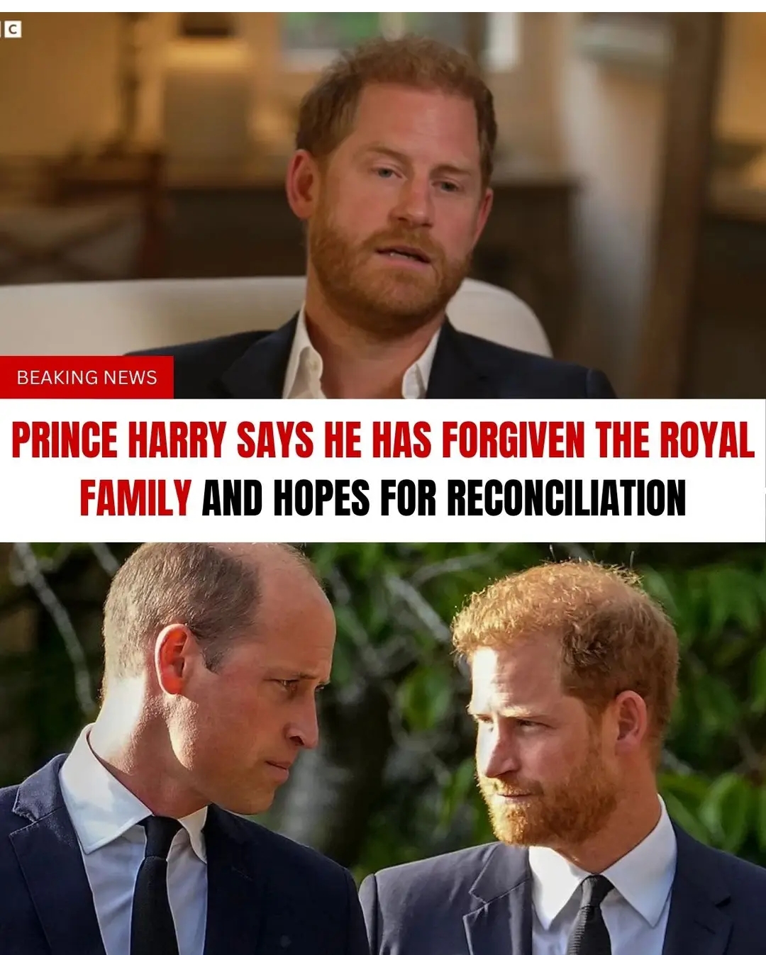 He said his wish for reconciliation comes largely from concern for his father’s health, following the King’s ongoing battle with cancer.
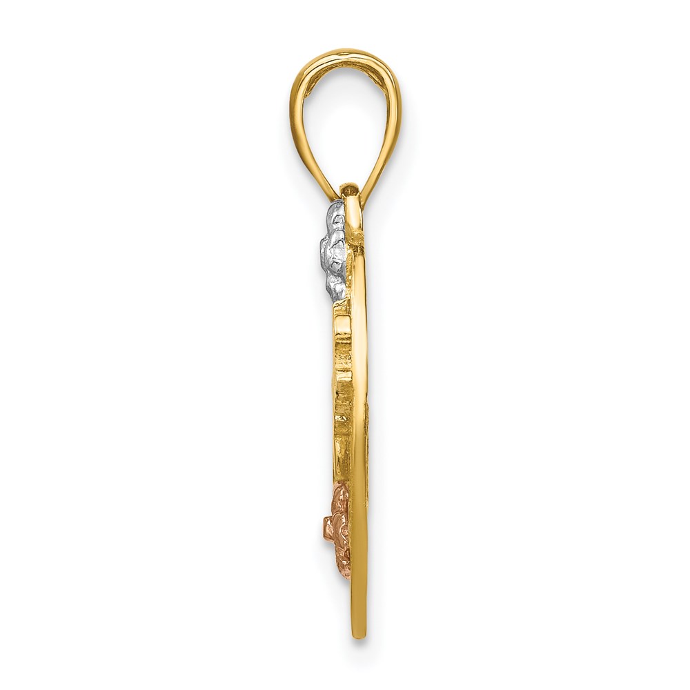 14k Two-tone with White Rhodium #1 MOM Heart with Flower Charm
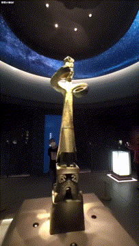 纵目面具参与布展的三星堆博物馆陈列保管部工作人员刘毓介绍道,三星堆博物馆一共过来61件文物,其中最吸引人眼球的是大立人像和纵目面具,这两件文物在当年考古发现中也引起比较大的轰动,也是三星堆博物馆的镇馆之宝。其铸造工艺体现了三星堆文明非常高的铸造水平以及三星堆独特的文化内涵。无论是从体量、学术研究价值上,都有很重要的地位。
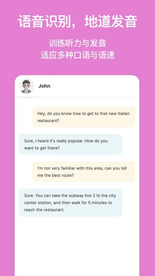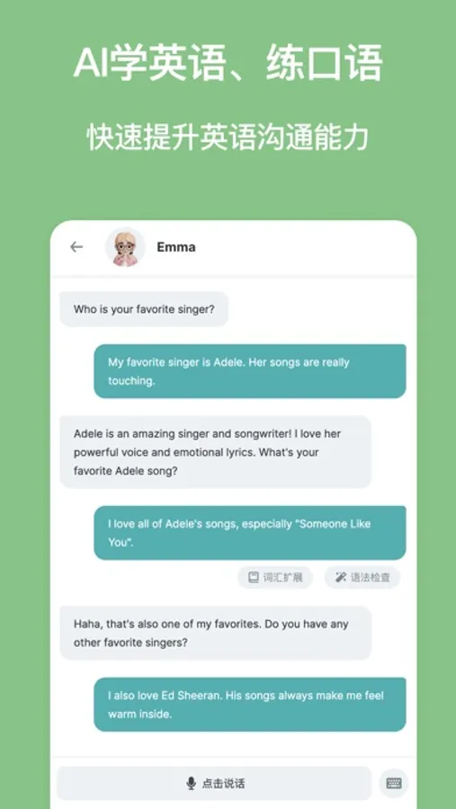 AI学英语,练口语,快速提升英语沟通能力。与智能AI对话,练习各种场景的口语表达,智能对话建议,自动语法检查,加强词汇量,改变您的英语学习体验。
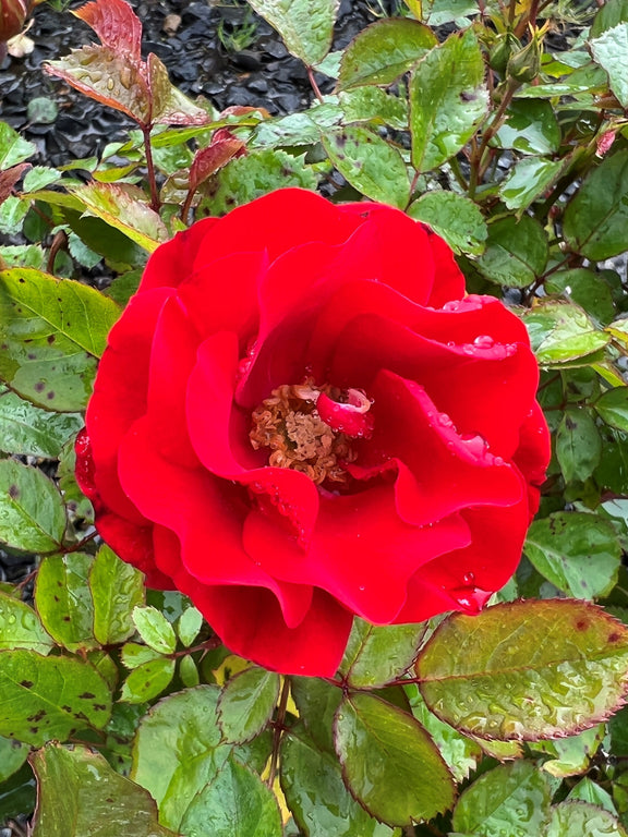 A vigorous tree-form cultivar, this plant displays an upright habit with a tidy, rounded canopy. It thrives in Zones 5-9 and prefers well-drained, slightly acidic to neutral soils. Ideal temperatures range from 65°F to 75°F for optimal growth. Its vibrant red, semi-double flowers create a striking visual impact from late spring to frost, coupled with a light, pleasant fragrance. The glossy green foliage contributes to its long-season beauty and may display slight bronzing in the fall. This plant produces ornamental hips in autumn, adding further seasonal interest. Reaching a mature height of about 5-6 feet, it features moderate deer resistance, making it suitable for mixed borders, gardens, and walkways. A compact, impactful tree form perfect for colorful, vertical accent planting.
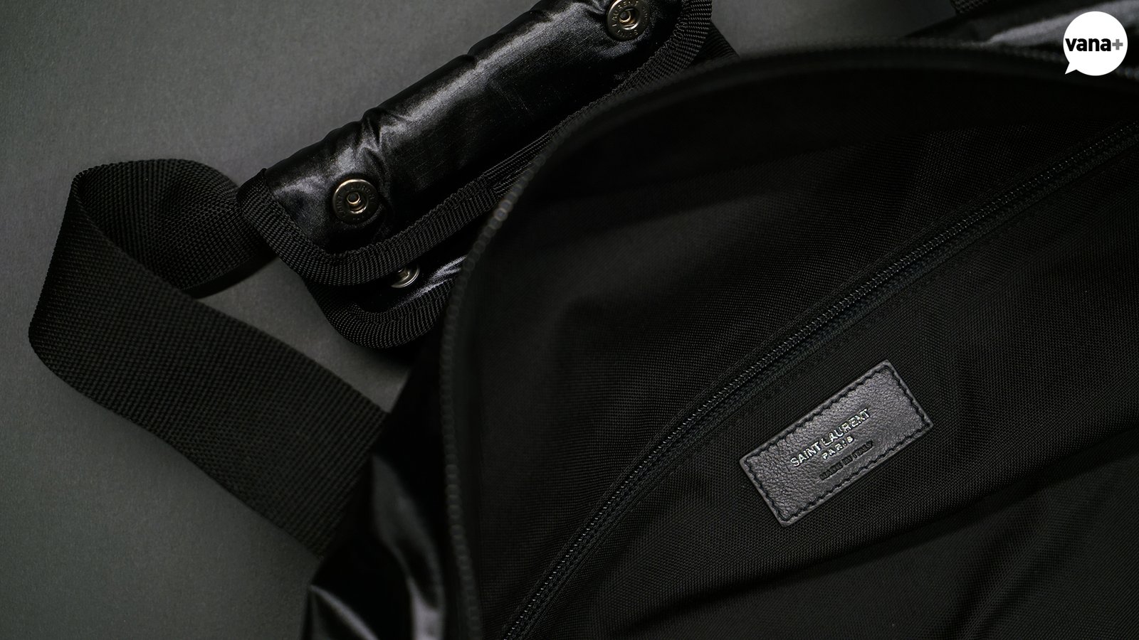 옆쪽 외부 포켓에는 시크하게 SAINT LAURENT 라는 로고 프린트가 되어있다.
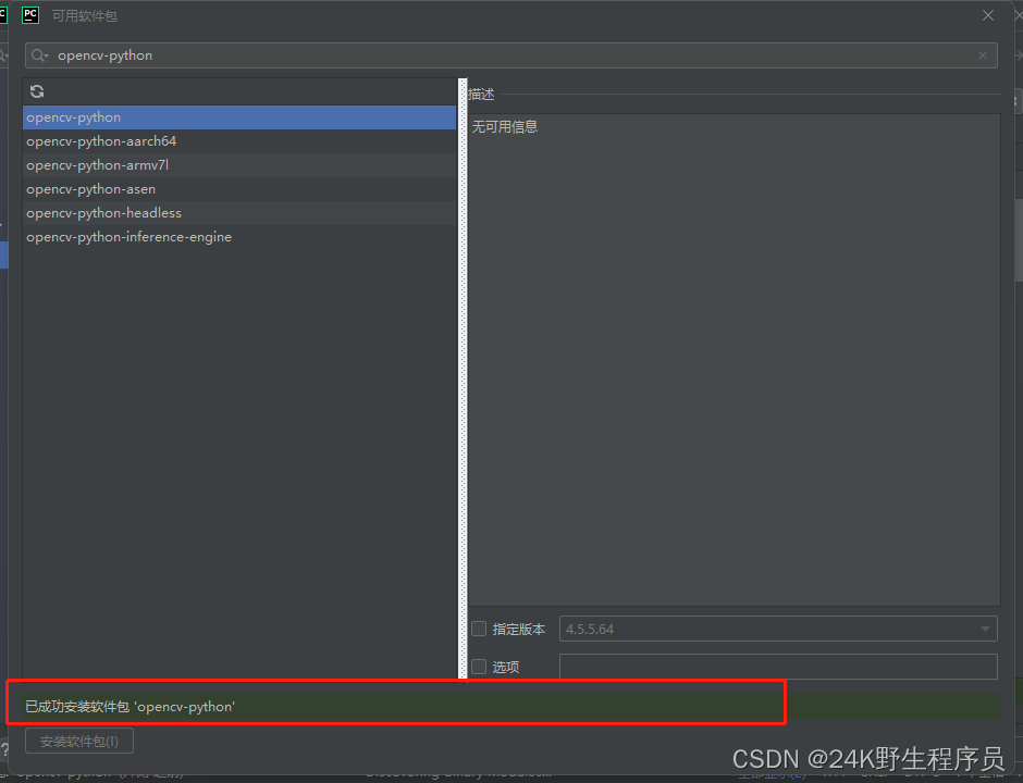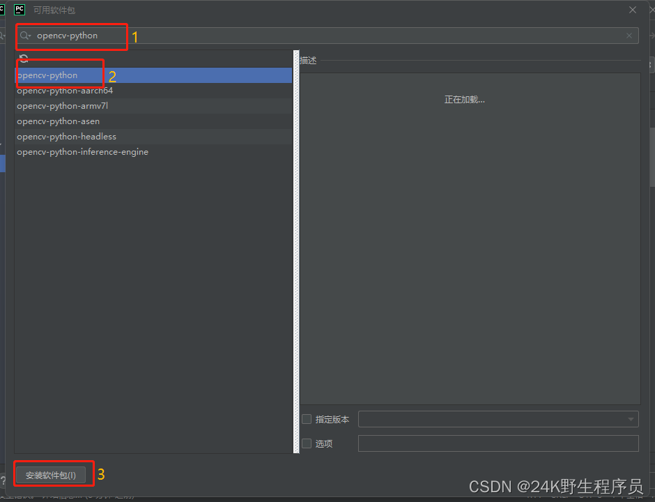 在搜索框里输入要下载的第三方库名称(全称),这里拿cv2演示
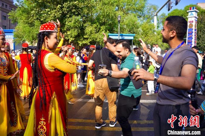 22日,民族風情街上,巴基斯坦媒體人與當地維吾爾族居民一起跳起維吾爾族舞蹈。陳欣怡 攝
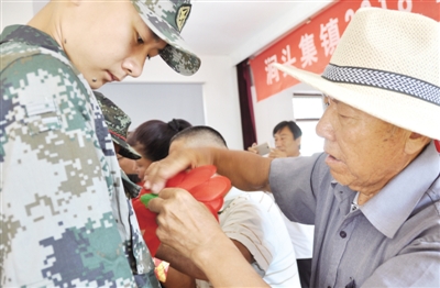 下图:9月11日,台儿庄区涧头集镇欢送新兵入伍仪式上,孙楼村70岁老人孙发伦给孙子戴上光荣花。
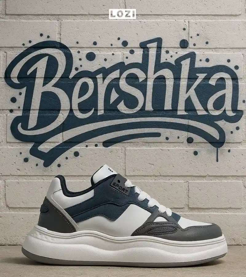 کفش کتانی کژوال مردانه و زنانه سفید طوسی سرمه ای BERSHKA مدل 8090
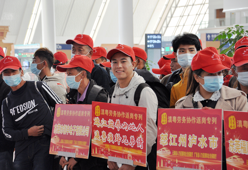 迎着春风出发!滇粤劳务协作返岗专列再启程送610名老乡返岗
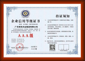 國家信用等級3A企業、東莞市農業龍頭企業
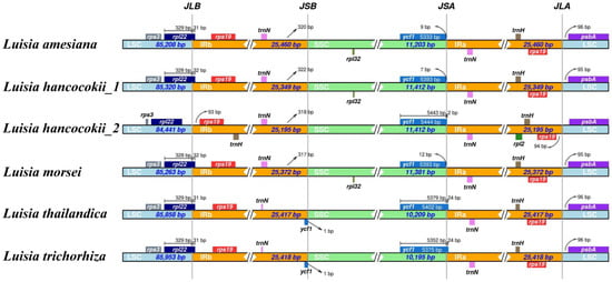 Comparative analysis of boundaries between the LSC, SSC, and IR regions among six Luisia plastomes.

•••

Exercise requirements:
I would like the lines from the one with "22日,民族風情街上,巴基斯" through the last line of the data above retyped exactly, with pictures left out, please.

Written answer:
 22日,民族風情街上,巴基斯坦媒體人與當地維吾爾族居民一起跳起維吾爾族舞蹈。陳欣怡 攝
 下图:9月11日,台儿庄区涧头集镇欢送新兵入伍仪式上,孙楼村70岁老人孙发伦给孙子戴上光荣花。
 کفش کتانی کژوال مردانه و زنانه سفید طوسی سرمه ای BERSHKA مدل 8090
 迎着春风出发!滇粤劳务协作返岗专列再启程送610名老乡返岗
 國家信用等級3A企業、東莞市農業龍頭企業
 Comparative analysis of boundaries between the LSC, SSC, and IR regions among six Luisia plastomes.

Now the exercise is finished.